Pecan Wood Smoked BBQ Beef Brisket, Crispy Baked Sweet Potatoes; Haricot Vert Almondine, Tobacco Onion Rings


Posted on December 19, 2011 at 2:17 PM

Hyatt Regency New Orleans

For 2 Guests

1 medium size beef brisket

Pecan wood ships

BBQ sauce

2 large sweet potatoes

½ cup of olive oil

½ lb of fresh green beans or haricots verts

1 medium size white onion

½ cup of all purpose flour

½ cup of white sliced almonds

BBQ spices rub

Salt and pepper


  1. Rub the beef brisket with the desired spices and then slowly cook in the smoker with Pecan Wood Chips.
  2. Slice the Beef Brisket to the desired portioned size and generously coat with your favorite BBQ Sauce.
  3. Season your Sweet Potatoes with a little bit of Olive Oil and then Salt and Pepper.
  4. Place them on a baking tray covered with Aluminum foil and cook in a 350˚ F oven for about 45 minutes.
  5. Once cooked slice the Sweet Potatoes in Big Slices and Pan fry them with some olive oil and season with Salt and Pepper.
  6. Take your Green Beans and blanch them in boiling hot water for about 2 minutes or so until they are slightly all dente.
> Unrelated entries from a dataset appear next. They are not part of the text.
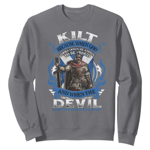 Placeholder Kilt Because When God Looks Down He Knows To Be Proud And When The Devil Looks Up He Knows To Be Afraid Sweatshirt - PrintYourWear - Print Your Wear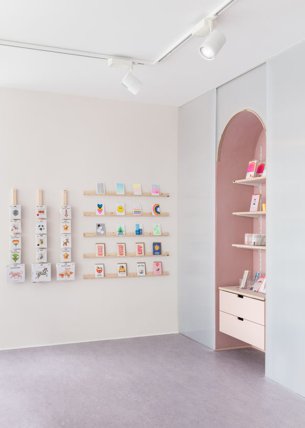 Nicht nur eine Party bedarf Planung bis ins kleinste Detail. Auch in diesem Ladenlokal für Party Zubehör liegt der Schwerpunkt bei dem Interior auf Zirkularität.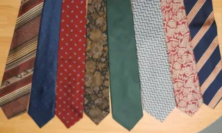 Otto cravatte in pura seta in ottime condizioni. Modelli assortiti e stili misti: righe classiche, fantasie retro, tinta unita, micro pois e motivi geometrici e floreali.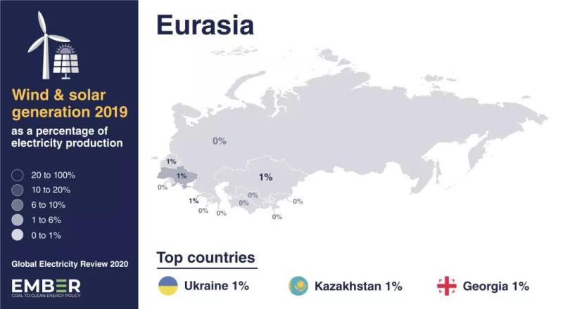 歐亞大陸顯然與世界其他地區(qū)格格不入。俄羅斯是世界上第四大電力需求國,風能和太陽能僅占其總量的0.1%。烏克蘭處于相對領(lǐng)先地位,并且在2019年發(fā)電量大增,建設(shè)了4GW的太陽能發(fā)電量,使其風能和太陽能發(fā)電機組的規(guī)模翻了一番,占比達到1%。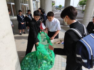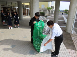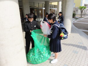 これは昨年度の活動を引き継いだものになりますが、たくさんのアルミ缶を袋に入れて登校する生徒の姿が見られました。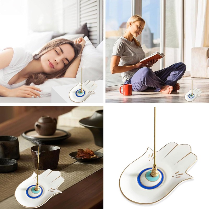 LDBKLGHJ Ceramic Incense Holder 3 in 1 Brass Incense Holder for Sticks and Incense Sticks Zen Decor with Hand of Evil Protection Spiritual Home Decor

As soon as cooked strain them and chill them in cold water with ice. When cold strain them to remove all the water and until ready to use.
  7. Take your almonds slices and roast them in the oven at 375˚ F.
  8. Peel your onions and then slice them whole as thin as possible. Slightly coat them in flour and season with salt and pepper. Deep fry them quickly and set aside.
  9. When ready to eat:
  10. Warm up your brisket in the BBQ sauce to keep moist.
  11. Warm up the Sweet Potatoes in the oven.
  12. Sauté your Haricots verts in Butter and toss with the almonds.
  13. Display all the elements nicely in your plate or platter.
  14. Sprinkle with your Fried onions.